How to complete this task - Using the listing below, copy exactly each line from the one that has "在虛擬內存對話框下面的可用空" through the one that has "Silnik taki jak"; omit the pictures.

━━━ Entries provided ━━━

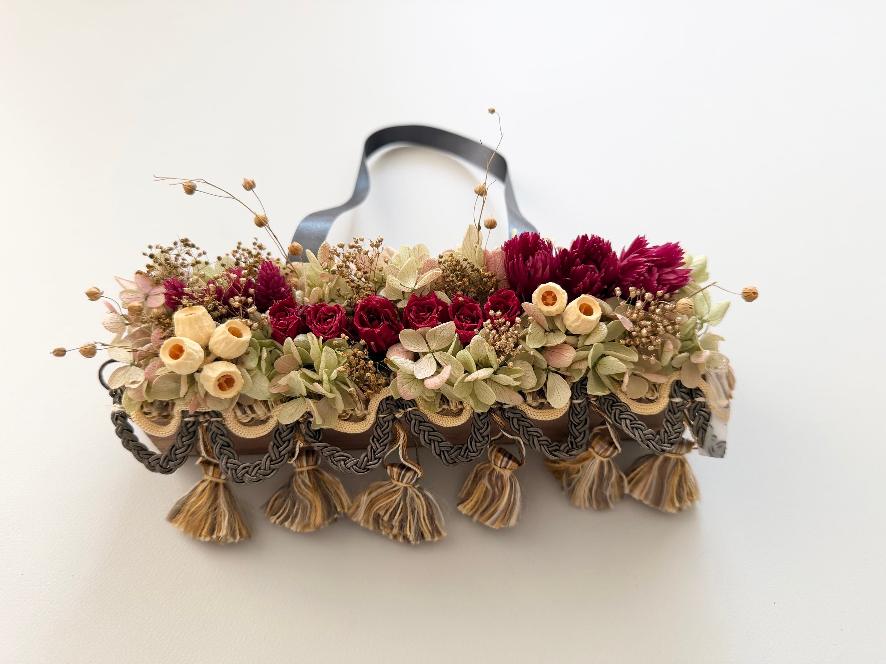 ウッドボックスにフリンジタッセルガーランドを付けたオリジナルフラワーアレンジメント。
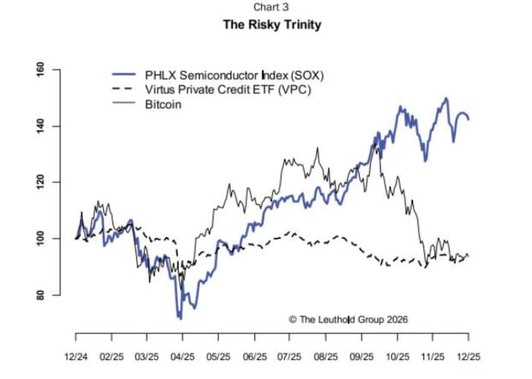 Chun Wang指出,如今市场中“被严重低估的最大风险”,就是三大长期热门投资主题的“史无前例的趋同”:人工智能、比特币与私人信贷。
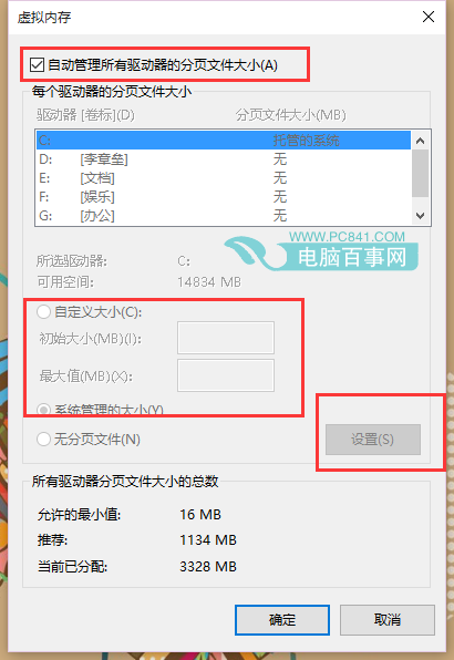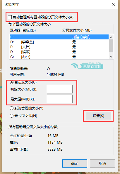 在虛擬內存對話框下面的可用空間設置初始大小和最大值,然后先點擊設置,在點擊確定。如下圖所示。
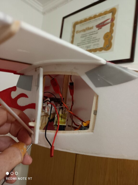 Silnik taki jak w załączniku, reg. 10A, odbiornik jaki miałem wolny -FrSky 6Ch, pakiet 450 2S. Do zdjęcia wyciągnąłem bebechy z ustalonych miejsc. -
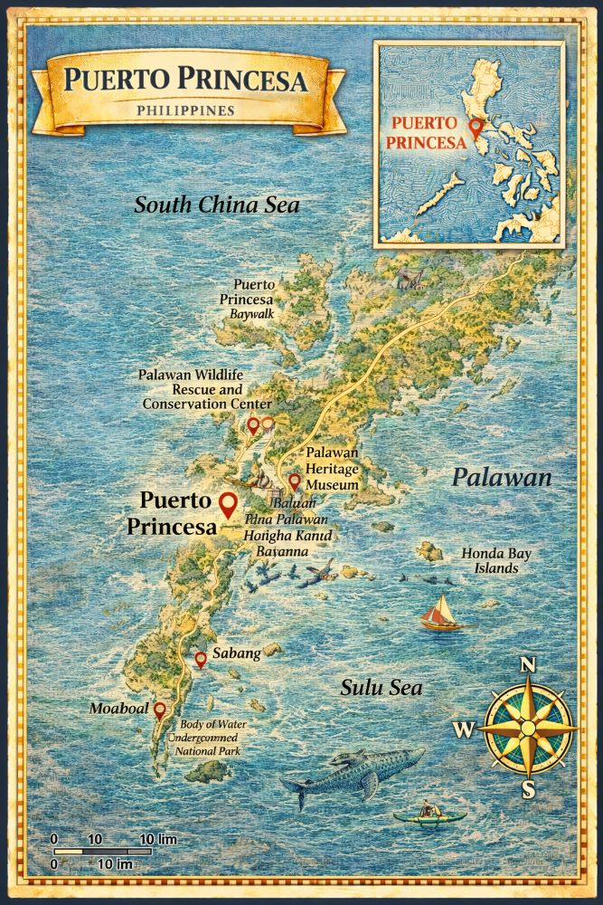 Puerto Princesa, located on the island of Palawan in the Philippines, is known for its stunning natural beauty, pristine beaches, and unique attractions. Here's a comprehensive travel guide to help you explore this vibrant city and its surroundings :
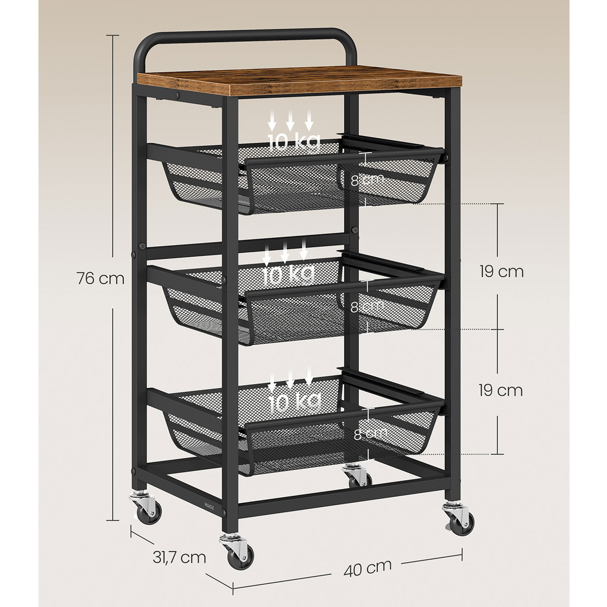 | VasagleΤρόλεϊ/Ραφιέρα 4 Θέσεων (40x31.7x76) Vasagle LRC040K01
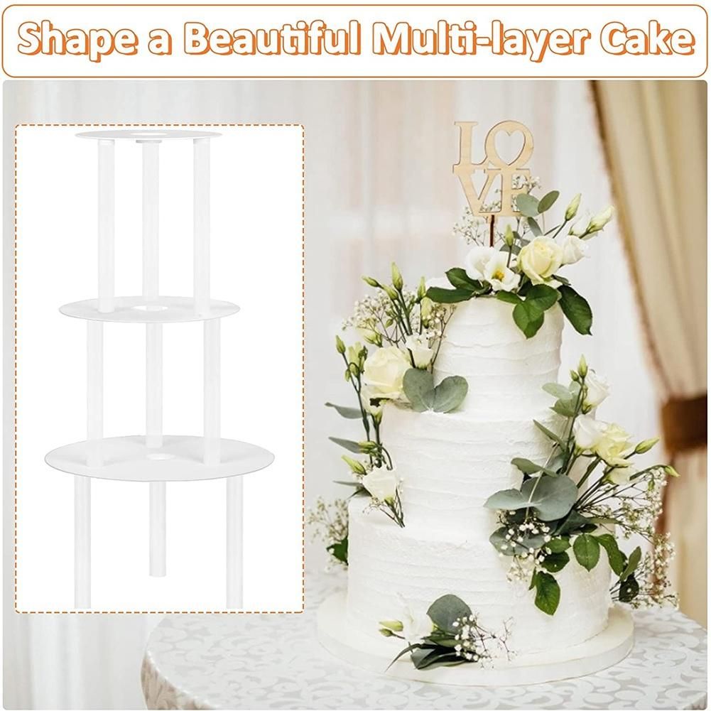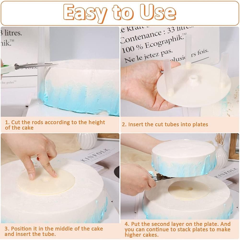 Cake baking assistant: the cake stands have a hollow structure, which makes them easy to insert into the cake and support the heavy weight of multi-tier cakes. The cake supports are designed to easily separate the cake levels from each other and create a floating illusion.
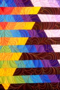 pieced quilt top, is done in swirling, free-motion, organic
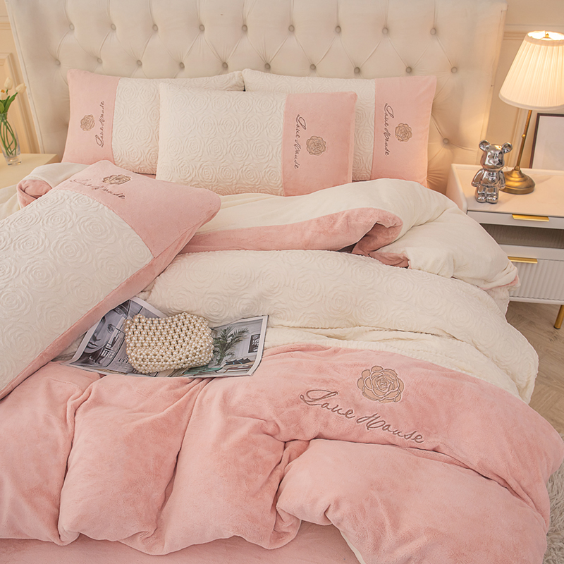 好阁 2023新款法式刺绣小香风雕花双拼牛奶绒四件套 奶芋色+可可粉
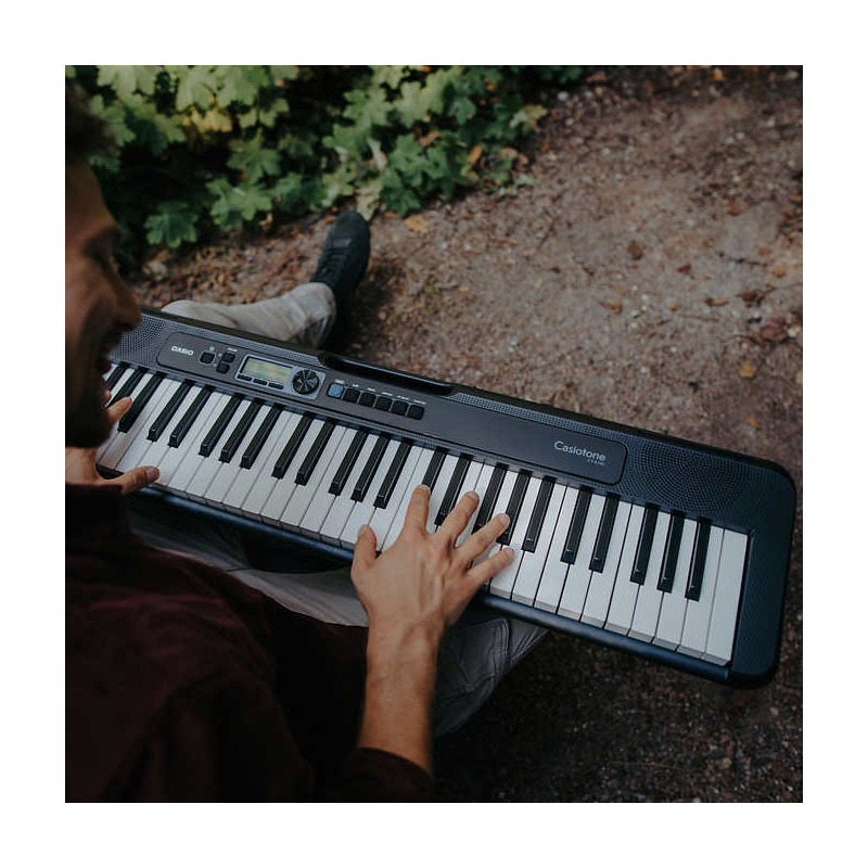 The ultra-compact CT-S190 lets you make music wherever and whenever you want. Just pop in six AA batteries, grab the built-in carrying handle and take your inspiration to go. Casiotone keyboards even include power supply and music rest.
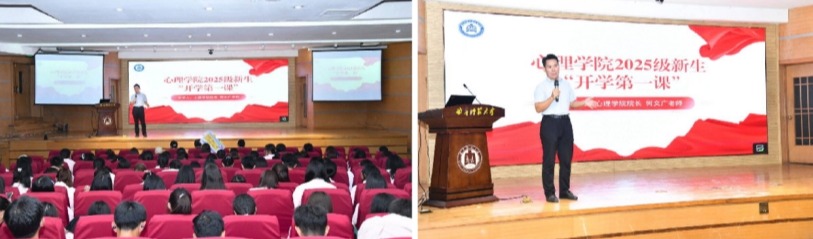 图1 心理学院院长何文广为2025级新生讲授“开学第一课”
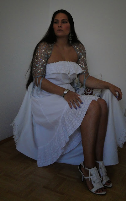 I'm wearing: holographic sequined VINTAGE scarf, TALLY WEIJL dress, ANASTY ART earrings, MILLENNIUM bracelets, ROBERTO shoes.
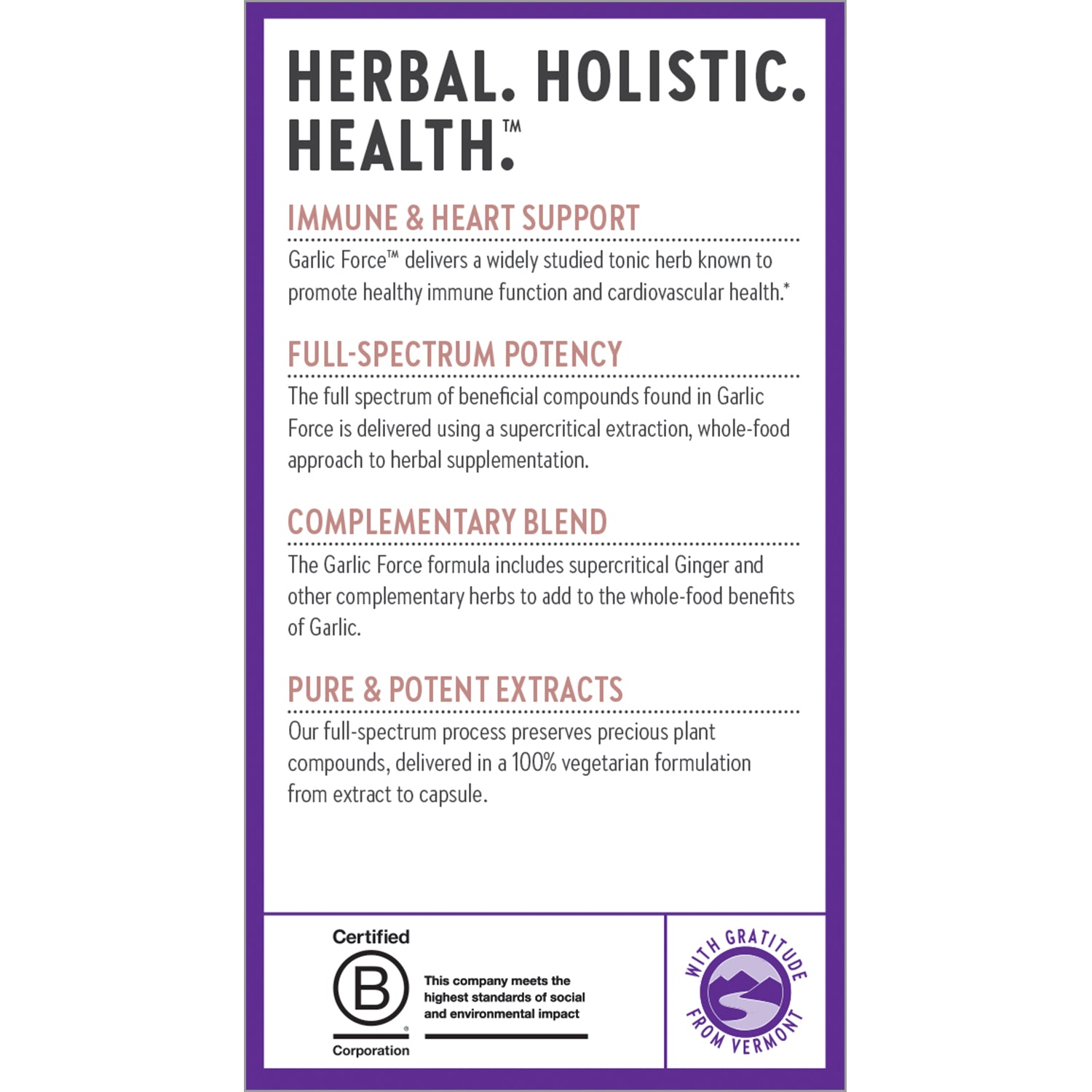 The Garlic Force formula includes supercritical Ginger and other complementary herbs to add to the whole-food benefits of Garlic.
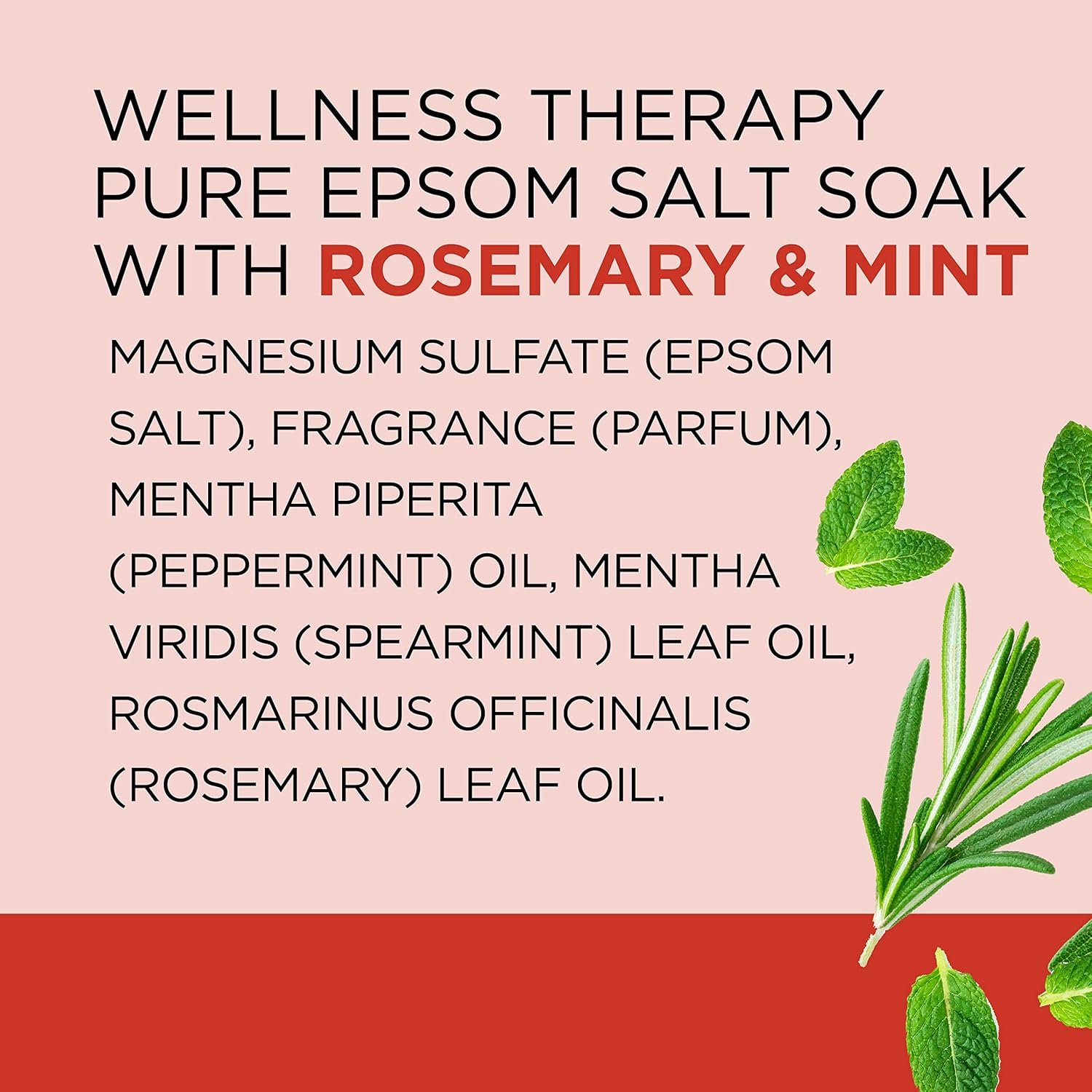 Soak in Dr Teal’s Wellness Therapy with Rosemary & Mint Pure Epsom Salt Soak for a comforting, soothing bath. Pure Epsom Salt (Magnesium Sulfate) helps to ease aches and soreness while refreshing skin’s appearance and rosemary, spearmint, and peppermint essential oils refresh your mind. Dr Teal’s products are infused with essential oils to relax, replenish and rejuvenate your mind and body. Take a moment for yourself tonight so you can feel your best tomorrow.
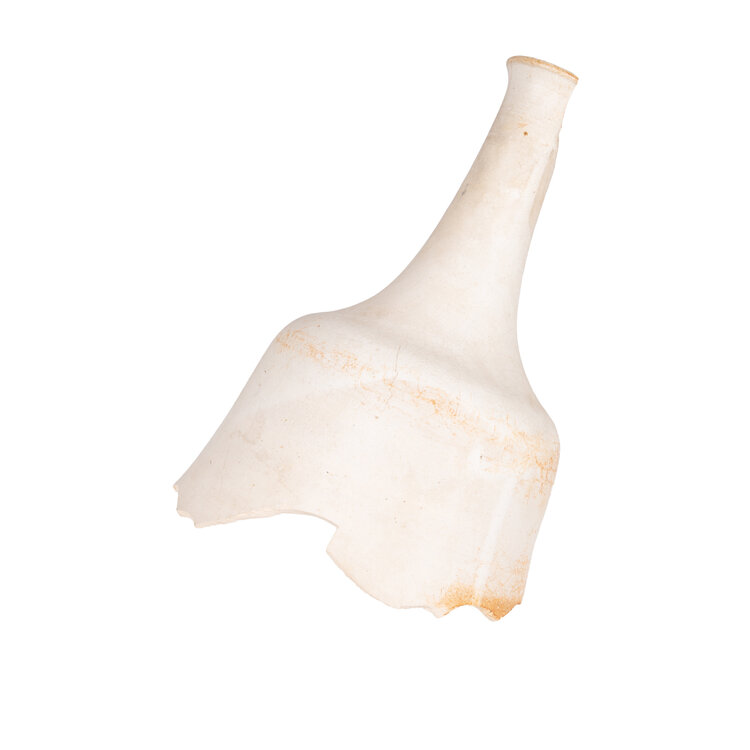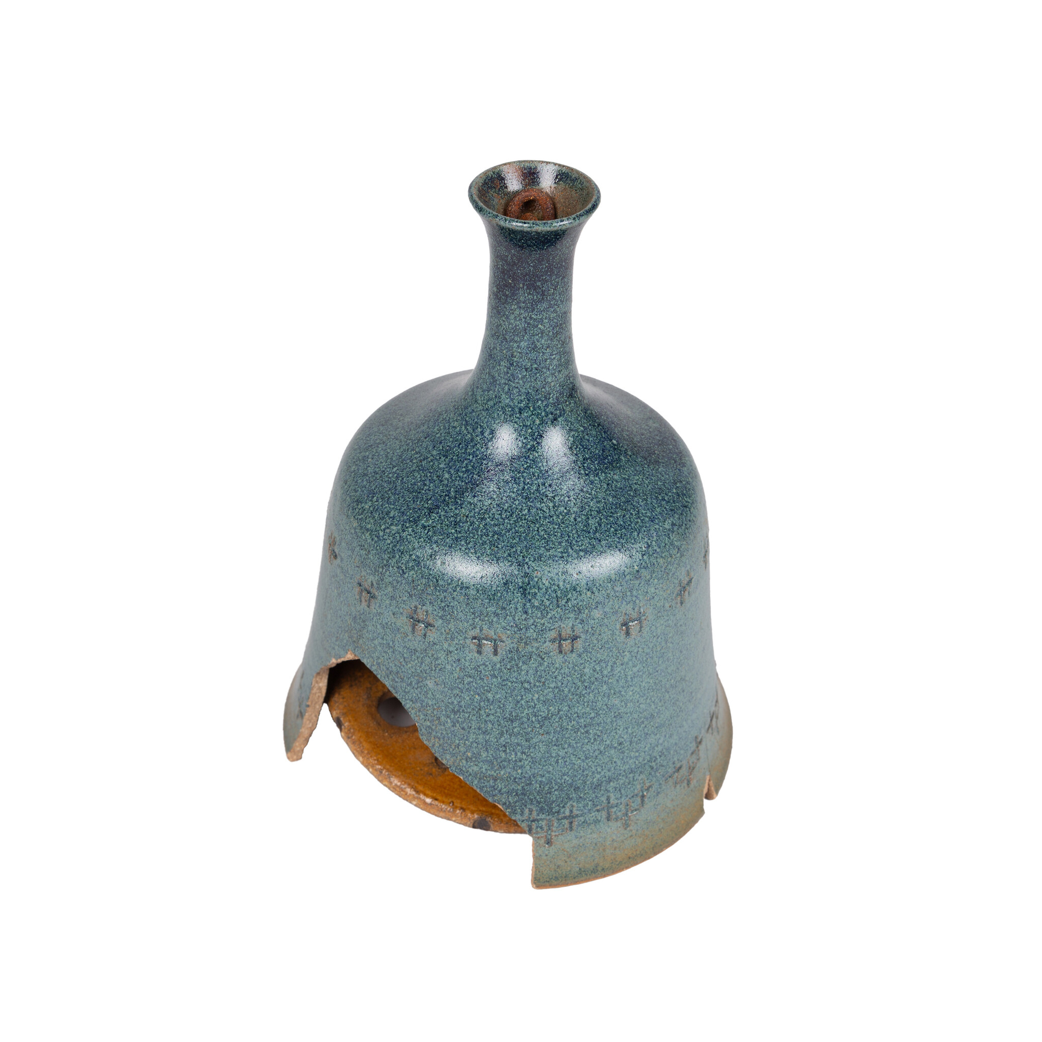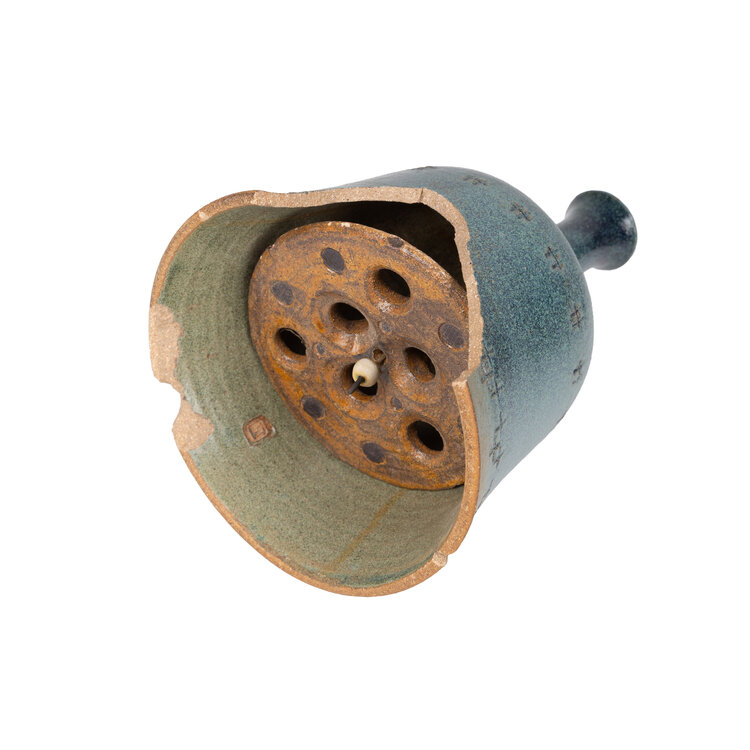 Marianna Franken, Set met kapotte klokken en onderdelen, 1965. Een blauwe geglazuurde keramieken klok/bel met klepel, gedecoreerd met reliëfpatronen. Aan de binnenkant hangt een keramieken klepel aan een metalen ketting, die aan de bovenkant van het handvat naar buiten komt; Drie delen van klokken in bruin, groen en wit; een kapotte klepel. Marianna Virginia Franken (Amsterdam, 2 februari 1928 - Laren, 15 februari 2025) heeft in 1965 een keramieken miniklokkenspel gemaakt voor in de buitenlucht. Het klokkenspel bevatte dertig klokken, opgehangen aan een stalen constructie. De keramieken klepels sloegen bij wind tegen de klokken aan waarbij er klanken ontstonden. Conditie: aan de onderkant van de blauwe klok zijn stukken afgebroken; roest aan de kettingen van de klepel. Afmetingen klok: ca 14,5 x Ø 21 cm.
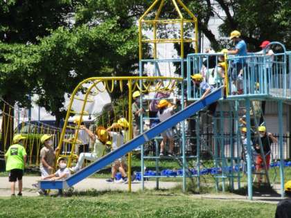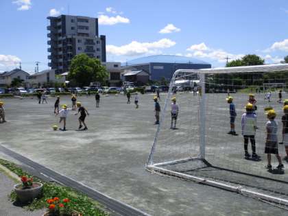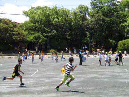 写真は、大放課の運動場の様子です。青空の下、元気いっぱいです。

━━━

Solution to this exercise -
 在虛擬內存對話框下面的可用空間設置初始大小和最大值,然后先點擊設置,在點擊確定。如下圖所示。
 Silnik taki jak w załączniku, reg. 10A, odbiornik jaki miałem wolny -FrSky 6Ch, pakiet 450 2S. Do zdjęcia wyciągnąłem bebechy z ustalonych miejsc. -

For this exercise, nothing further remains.